Joseph Coupal - Wednesday, November 23, 2011
…by Warren Kirshenbaum

State’s construction industry gets a little lift from 14 projects

Minnesota’s Historic Rehabilitation Tax Credit appears to be producing construction jobs.

14 projects had preliminary approval to take advantage of the tax credit, according to a report released Monday. Developers expect the projects to create 1,808 construction jobs — and a total of 2,948 jobs when indirect and induced jobs are counted.

That’s in line with the 1,500 to 3,000 construction jobs a year that the Minnesota Historical Society and the Preservation Alliance of Minnesota predicted would be created when former Gov. Tim Pawlenty signed the tax credit into law in 2010.

The tax credit is creating construction jobs at the same time that the industry appears to be improving after years of decline.

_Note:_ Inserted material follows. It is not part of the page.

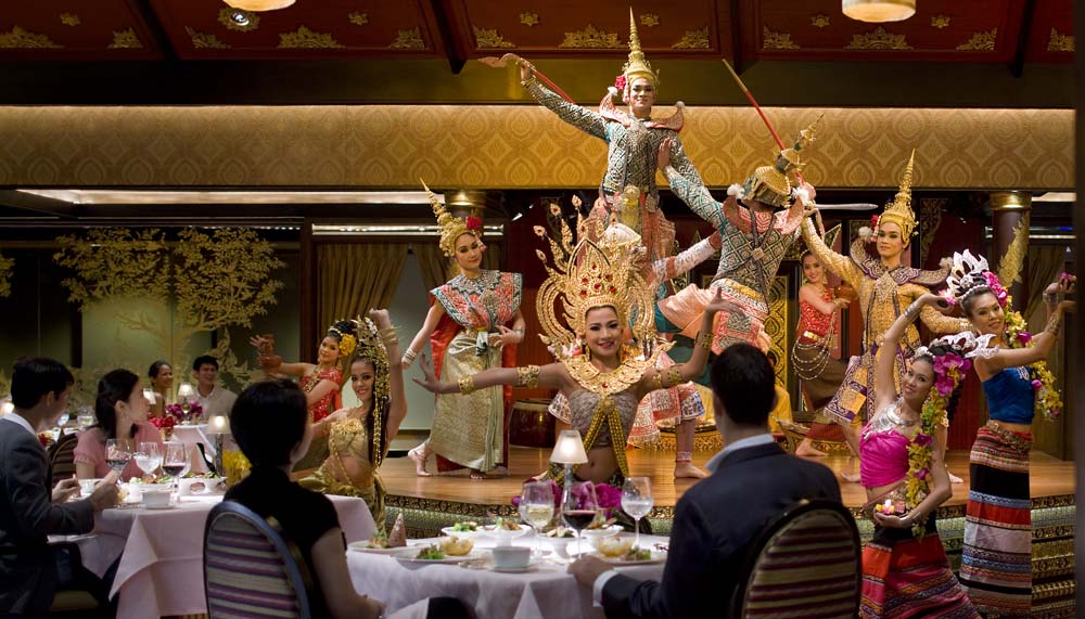 If it’s more old-world charm you’re after, there’s Sala Rim Naam, on the opposite bank of the Chao Phraya River, accessible via a short complimentary ferry ride. Serving traditional Thai food, your dinner also comes with classical Thai music and dance performances. You’ll be able to order Thai-inspired cocktails (like a Thaijito, a mojito variant featuring Mekhong rum and lemongrass) or an Italian Pinot Grigio, its silky astringence providing a nice counterpoint to the spicy food.

Last month, Minnesota posted its first 12-month gain in construction jobs since April 2006.

The credit covers up to 20% of qualifying rehabilitation expenses; that’s on top of a federal tax credit that can cover another 20%. Supporters say job creation is reason enough for the state Legislature to keep the state tax credit going.

Minnesota’s construction industry remains in a state of “depression,” with more than 50,000 jobs lost between 2006 and 2011, so every bit helps.

Developers plan to spend an estimated $343 million on the 14 projects, with $250 million going toward rehabilitation expenses that qualify for the tax credit. Total economic impact is expected to be $451 million — about $9.20 for every dollar of the $49.1 million of tax credits going toward the 14 projects.

Besides the 14 projects mentioned, there are an additional 14 that have since applied and another handful of developments are considering it, the Minnesota Historical Society. Contrast that with 2009, when only two Minnesota developments were seeking the federal tax credit.

Steve Elliott, the Historical Society’s director and chief executive officer, described the state historic rehabilitation tax credit program as a “resounding success” during a Monday morning news conference.

Original article Finance & Commerce

Tax Credits to Fix up Older Historic Buildings

Joseph Coupal - Thursday, July 07, 2011

…by Warren Kirshenbaum

The Louisiana Main Street program resides in the Louisiana Division of Historic Preservation. Louisiana has 34 designated local Main Street communities. Main Streets apply a four-point approach to the revitalization of their historic commercial districts: organizational development, design and preservation, economic development and promotion.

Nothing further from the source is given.